## Records to process
::::

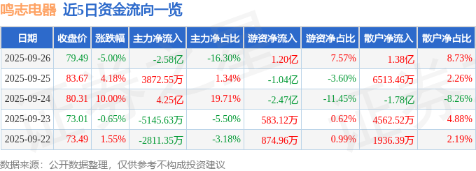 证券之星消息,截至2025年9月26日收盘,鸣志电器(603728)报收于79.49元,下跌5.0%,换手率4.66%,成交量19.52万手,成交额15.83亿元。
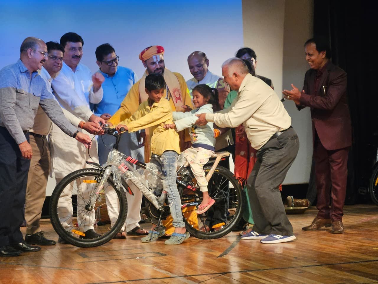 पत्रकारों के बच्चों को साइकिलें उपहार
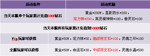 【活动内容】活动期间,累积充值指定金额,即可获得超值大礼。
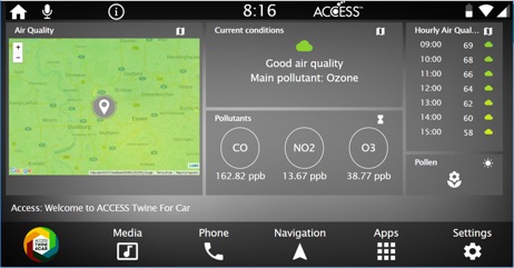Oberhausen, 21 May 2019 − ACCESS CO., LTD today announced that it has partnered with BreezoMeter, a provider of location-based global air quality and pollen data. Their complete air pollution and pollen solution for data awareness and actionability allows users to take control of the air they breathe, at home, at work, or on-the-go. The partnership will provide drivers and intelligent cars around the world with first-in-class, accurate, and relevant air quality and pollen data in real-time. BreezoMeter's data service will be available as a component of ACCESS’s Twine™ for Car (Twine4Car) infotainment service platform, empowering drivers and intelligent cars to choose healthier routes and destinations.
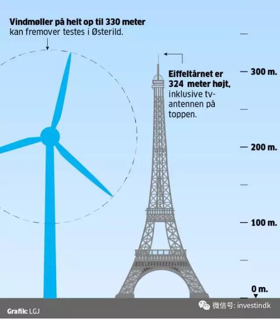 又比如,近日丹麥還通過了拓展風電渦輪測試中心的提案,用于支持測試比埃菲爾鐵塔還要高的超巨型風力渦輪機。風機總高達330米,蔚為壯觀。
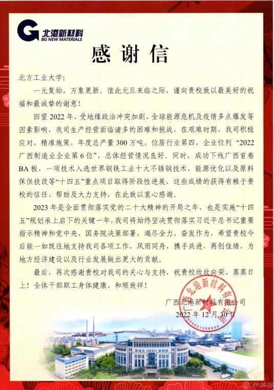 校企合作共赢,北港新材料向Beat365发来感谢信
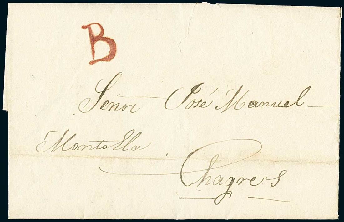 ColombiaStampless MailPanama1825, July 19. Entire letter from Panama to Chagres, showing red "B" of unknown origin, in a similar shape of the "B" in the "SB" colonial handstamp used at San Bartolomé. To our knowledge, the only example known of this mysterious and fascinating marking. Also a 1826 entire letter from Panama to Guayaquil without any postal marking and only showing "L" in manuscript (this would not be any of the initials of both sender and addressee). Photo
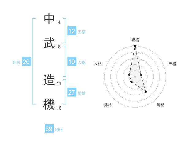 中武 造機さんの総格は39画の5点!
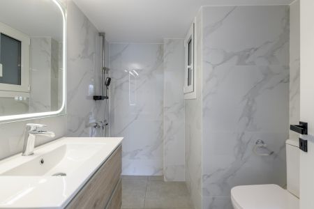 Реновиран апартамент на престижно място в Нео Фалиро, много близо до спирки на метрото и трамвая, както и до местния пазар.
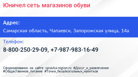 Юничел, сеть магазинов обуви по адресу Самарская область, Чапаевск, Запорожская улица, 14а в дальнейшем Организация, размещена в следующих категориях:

::::

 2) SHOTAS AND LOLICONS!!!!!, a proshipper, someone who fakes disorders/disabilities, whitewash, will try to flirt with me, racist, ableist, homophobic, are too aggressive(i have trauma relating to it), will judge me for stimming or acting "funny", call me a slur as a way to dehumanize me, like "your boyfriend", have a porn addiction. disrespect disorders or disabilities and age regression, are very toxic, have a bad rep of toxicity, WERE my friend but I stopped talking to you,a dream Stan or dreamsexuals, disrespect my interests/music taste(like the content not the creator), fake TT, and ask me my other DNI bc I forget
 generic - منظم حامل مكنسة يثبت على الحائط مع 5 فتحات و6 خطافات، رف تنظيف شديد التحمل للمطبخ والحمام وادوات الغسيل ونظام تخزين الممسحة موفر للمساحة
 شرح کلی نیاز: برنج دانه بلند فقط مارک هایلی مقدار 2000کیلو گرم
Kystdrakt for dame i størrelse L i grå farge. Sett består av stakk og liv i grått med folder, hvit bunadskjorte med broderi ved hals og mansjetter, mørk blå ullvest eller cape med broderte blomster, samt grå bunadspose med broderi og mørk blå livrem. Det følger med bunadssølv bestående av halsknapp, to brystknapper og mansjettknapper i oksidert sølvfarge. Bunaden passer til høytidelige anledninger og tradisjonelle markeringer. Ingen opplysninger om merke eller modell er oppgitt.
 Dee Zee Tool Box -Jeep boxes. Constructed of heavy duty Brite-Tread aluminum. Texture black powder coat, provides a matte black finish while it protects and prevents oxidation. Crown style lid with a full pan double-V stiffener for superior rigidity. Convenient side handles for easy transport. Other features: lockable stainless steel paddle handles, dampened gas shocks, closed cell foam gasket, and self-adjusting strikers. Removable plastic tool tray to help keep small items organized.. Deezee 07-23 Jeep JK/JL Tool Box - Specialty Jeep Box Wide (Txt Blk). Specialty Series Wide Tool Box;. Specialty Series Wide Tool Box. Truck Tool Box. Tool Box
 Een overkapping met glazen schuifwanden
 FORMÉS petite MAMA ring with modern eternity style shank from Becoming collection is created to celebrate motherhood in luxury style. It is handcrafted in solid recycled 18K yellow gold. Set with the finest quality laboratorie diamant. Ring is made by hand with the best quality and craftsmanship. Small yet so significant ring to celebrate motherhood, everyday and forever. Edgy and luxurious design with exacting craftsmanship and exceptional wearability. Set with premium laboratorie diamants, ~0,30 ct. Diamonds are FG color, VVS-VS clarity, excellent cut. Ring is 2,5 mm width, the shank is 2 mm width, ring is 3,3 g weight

::::

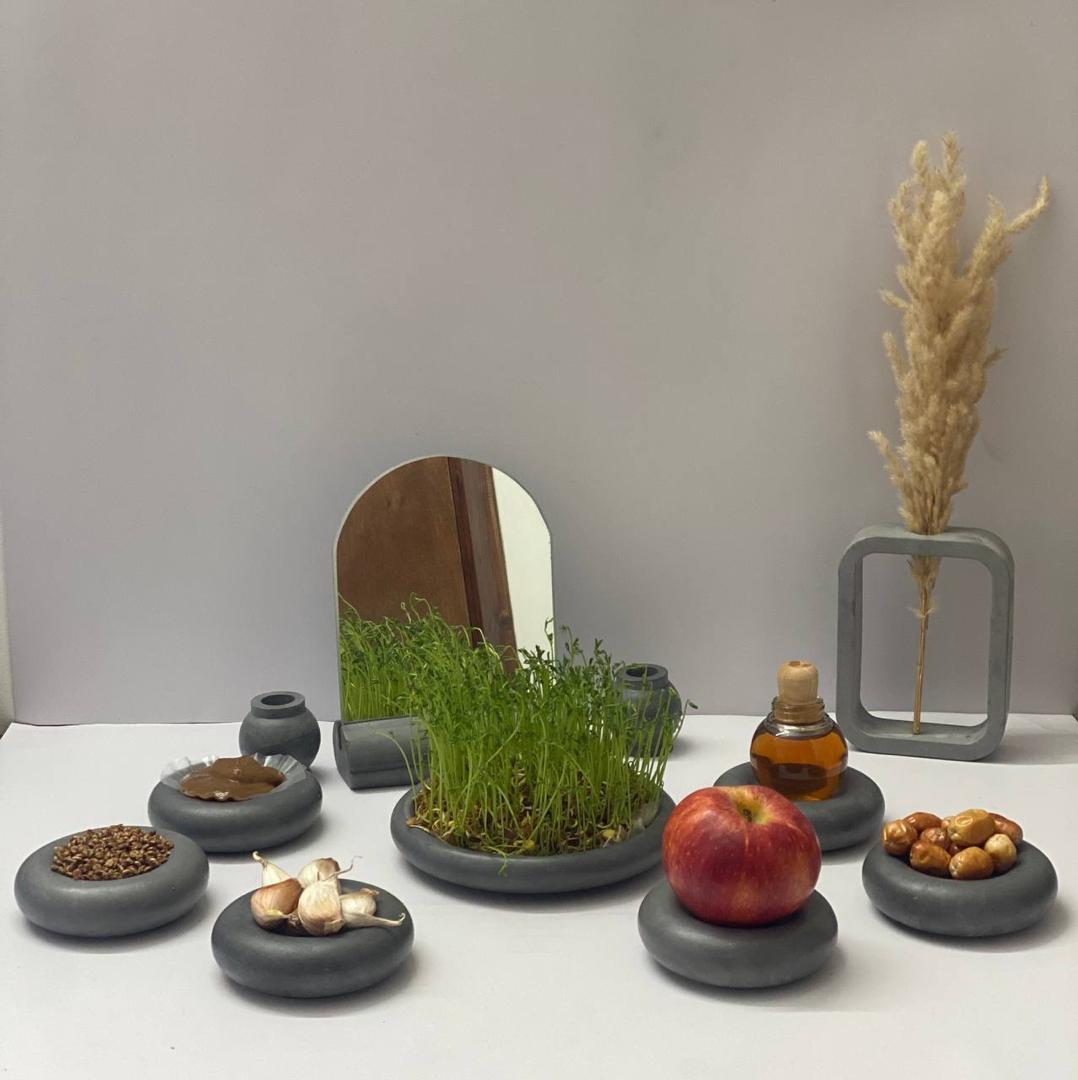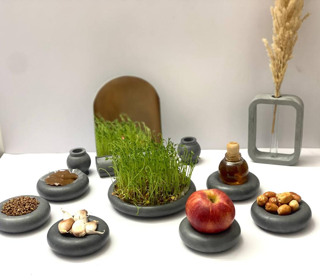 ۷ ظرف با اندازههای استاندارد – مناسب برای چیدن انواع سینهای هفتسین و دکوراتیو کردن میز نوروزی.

::::

## What you have to do
Look through the listing above for the line with "ColombiaStampless MailPanama1825, July" and the line with "Юничел, сеть магазинов". Write out exactly those lines and everything between, leaving out pictures.

## Problem solution
 ColombiaStampless MailPanama1825, July 19. Entire letter from Panama to Chagres, showing red "B" of unknown origin, in a similar shape of the "B" in the "SB" colonial handstamp used at San Bartolomé. To our knowledge, the only example known of this mysterious and fascinating marking. Also a 1826 entire letter from Panama to Guayaquil without any postal marking and only showing "L" in manuscript (this would not be any of the initials of both sender and addressee). Photo
 中武 造機さんの総格は39画の5点!
 Реновиран апартамент на престижно място в Нео Фалиро, много близо до спирки на метрото и трамвая, както и до местния пазар.
 Юничел, сеть магазинов обуви по адресу Самарская область, Чапаевск, Запорожская улица, 14а в дальнейшем Организация, размещена в следующих категориях:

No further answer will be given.